Thursday, March 23rd, 2006

Cross media teams

Posted by Kevin Anderson

Eric Chaverou with Radio France is a multimedia reporter. We need more more multimedia reporters.

But I’m starting to see a theme here. Ten years into new media/online/interactive media, whatever you want to call it, we’re still struggling with integrating work processes and even more than that work cultures.

Eric said that Radio France created a small team of multimedia journalists because they were having difficulty getting their traditional radio staff to work for the web. He said:

The majority of radio people in Radio France told me that is not my job to make something for the website.

They spent a year following the recovery of one of the towns hit by the tsnunami. They went back every three months. Here is the result.

It is a really impressive effort, and they found that it was too complicated to ask their traditional journalists to do.

This morning, Dominique, talked about the tensions between the TV and interactive production schedules. TV still comes first.

Eric says the multimedia teams are now accepted six years. Before they were radio reporters so they had some legitimacy.

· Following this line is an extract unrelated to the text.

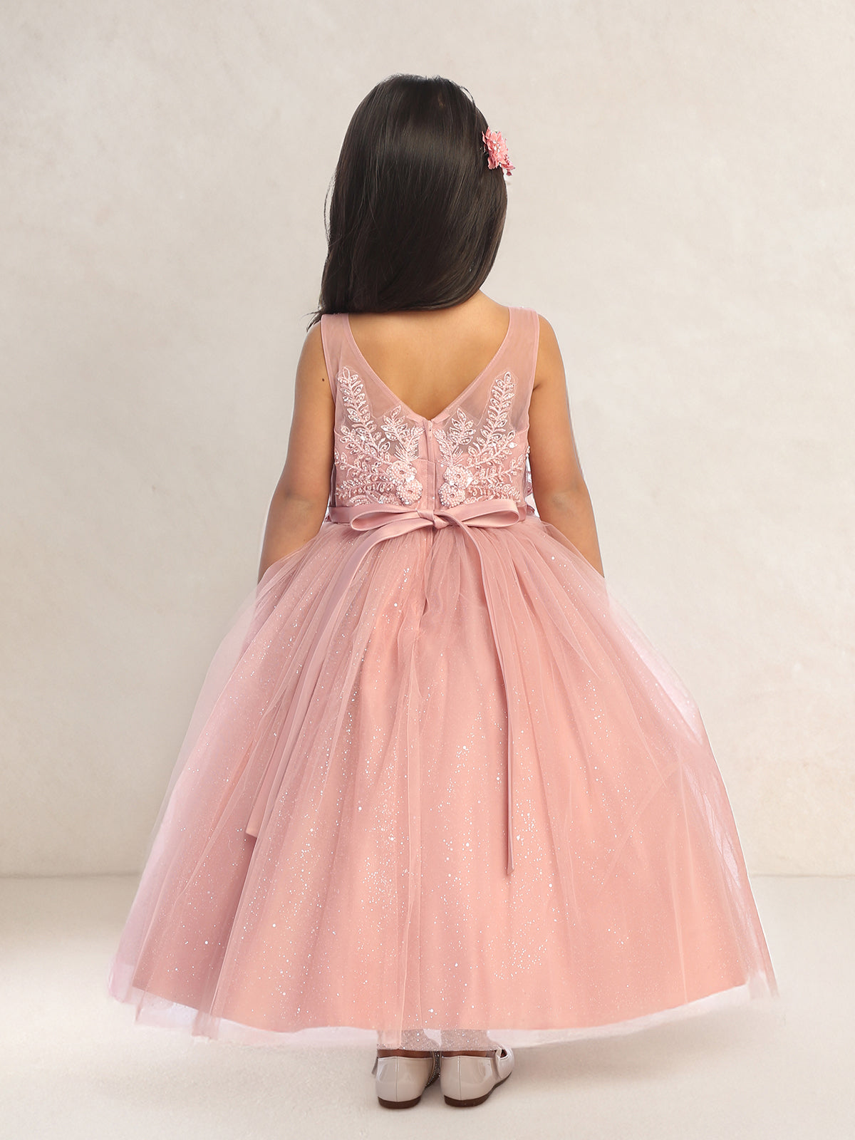Stunning dusty rose dress with 3D floral bodice, shoulder bows, and glitter tea-length tulle skirt.

Now, he says it will be difficult to fold the multimedia teams to be folded back into the radio teams, although he thinks that is how it should have been from the start.

A colleague from Radio France asked them if it was difficult to juggle the demands of multiple media.

Eric replied that the reporters focus on the sound first and still photos second. They do not shoot video.

“I don’t want to pit radio against the internet.” he said.

Why is this still internet versus radio or versus TV? We’re still thinking in terms of platforms and not in terms of content.

We talk about cross platform content but what about cross platform thinking?

There is still a lot of thinking to be done about how to tailor content for best presentation on multiple media not to mention multimedia platforms, but this isn’t about technology or organisation structures, this is about the business cultures.